If my kids’ rooms were a disaster, I could shut the door.
If my husband’s clothes were left on the floor, I could put them in his closet and shut the door.
If the garage was ignored for another weekend, I could leave the garage door closed.
Shutting the door wasn’t my preferred method of practicing patience, but it did buy me time. It didn’t mean I was giving up, it simply meant my family wasn’t ready.
I needed to practice patience.
After I decluttered my dresser drawers, it took my husband two years to finally agree to it. I didn’t ask him to do it. He simply did it on his own after watching a Marie Kondo video one evening while I was away.

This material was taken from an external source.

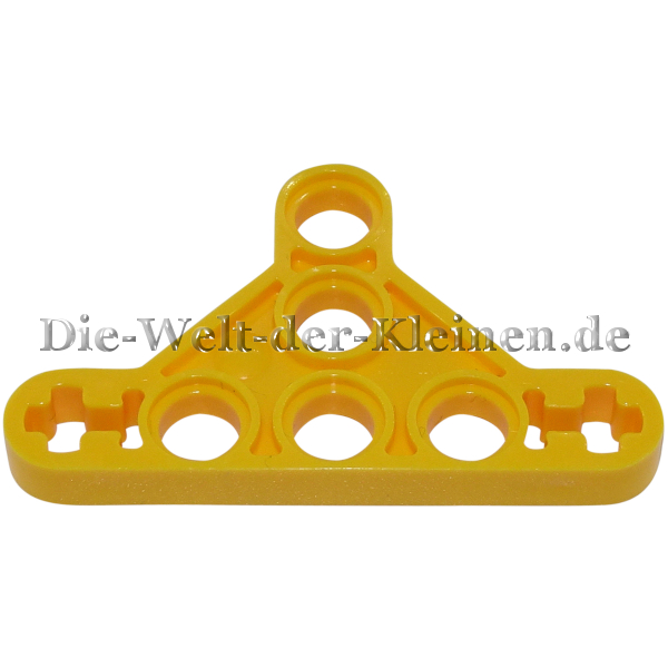 Yellow LEGOTechnic Liftarm Triangle 3x5 flat (1/3) Typ II with 5 Pin holes / Round holes and 2 Cross holes / axle holes

He saw how happy decluttered dresser drawers made me. I had to be patient for him to realize he might enjoy the same. (He also needed to hear it from someone else!)
Practice patience with your family. They need to see your success before they can even begin to imagine their own.
Get your family to declutter
Getting your family to help declutter doesn’t happen overnight (not usually), but it is possible. They just need a little guidance along the way from a willing participant.
Be brave enough to show them you can let go of your own excess before asking them to do the same. You have to be willing to guide them and help them practice letting go.
You must be persistent with your efforts, not throwing in the towel too soon on new routines and new processes. Most importantly, you must be patient and give them time to come around. It will happen.